We use essential cookies to make our site work. With your consent, we may also use non-essential cookies to improve user experience and analyze website traffic…

NVIDIA Nemotron 3 Super - blazing-fast agentic AI, ready to deploy today!

MiniMax-M2.5 API Benchmarks: Latency, Throughput & Cost
Published on 2026.04.03 by DeepInfra
MiniMax-M2.5 API Benchmarks: Latency, Throughput & Cost

About MiniMax-M2.5

MiniMax-M2.5 is a state-of-the-art open-weights large language model released in February 2026. Built on a 230B-parameter Mixture of Experts (MoE) architecture with approximately 10 billion active parameters per forward pass, it features Lightning Attention and supports a context window of up to 205,000 tokens.

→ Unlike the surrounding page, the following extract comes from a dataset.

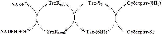 связь в активном центре тиоредоксина (Trx) и других субстратов, напрямую используя НАДФН. Восстановленный тиоредоксин в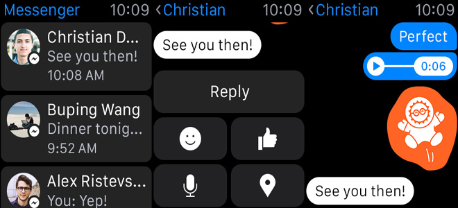 Apple Watch için gelen Facebook Messenger uygulamasında mesajlaşma işleminin dışında konum paylaşma özelliği de bulunurken uygulamanın tasarımı diğer mesajlaşma uygulamalarına benzer bir tasarıma sahip.

The model uses extended chain-of-thought reasoning to work through complex problems.

M2.5 was trained extensively with reinforcement learning across more than 200,000 real-world environments, covering over 10 programming languages including Go, C, C++, TypeScript, Rust, Kotlin, Python, Java, JavaScript, PHP, Lua, Dart, and Ruby. A notable characteristic is its spec-writing tendency — before writing any code, M2.5 actively decomposes and plans features, structure, and UI design from the perspective of an experienced software architect.

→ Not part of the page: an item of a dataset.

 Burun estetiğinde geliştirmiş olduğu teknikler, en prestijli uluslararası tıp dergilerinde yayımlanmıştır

The model achieves industry-leading benchmark scores: 80.2% on SWE-Bench Verified, 51.3% on Multi-SWE-Bench, and 76.3% on BrowseComp. It completes SWE-Bench Verified evaluations 37% faster than its predecessor M2.1 while consuming fewer tokens. Beyond coding, M2.5 excels at office productivity tasks including generating formatted Word documents, PowerPoint presentations, and Excel spreadsheets with working formulas. The model weights are fully open-sourced on HuggingFace under a Modified MIT License.

MiniMax-M2.5 is now available across multiple inference providers, but they’re not created equal. This analysis breaks down which one delivers the best performance, lowest cost, and fastest response times for your use case.

MiniMax-M2.5 API Review Summary

  • Open weights model (released February 2026) with multiple tracked API providers.
  • Benchmarks reflect sustained performance: median (P50) over the past 72 hours, using a default workload of 10,000 input tokens.
  • DeepInfra (FP8) is the standout balanced provider: #2 lowest blended price ($0.44 / 1M tokens) and #3 lowest latency (0.56s TTFT).
  • DeepInfra (FP8) leads on token pricing: #2 lowest input price ($0.27 / 1M) and #1 lowest output price ($0.95 / 1M output tokens).
  • Category leaders: SambaNova fastest output speed (394.6 t/s), Together.ai (FP4) lowest latency (0.42s), SiliconFlow (FP8) lowest blended price ($0.40).

MiniMax-M2.5 — Best APIs

ProviderWhy It’s BestBlended ($/1M)Input ($/1M)Output ($/1M)Latency (TTFT)Speed (t/s)E2E (s/500 tok)
DeepInfra (FP8)Best value + low latency balance; cheapest output tokens; strong for cost-sensitive apps needing snappy first-token response$0.44$0.27$0.950.56s6638.64s
SiliconFlow (FP8)Lowest blended price overall (budget-first)$0.40$0.20$1.001.90s8531.47s
Together.ai (FP4)Lowest latency (interactive-first)$0.530.42s9526.80s
FireworksVery high throughput (speed-first)$0.530.76s19313.71s
ClarifaiStrong low-latency + good speed combination$0.530.54s14318.07s
SambaNovaFastest output speed overall (throughput-max)$0.531.60s3957.93s

Quick Verdict: Which MiniMax-M2.5 Provider is Best?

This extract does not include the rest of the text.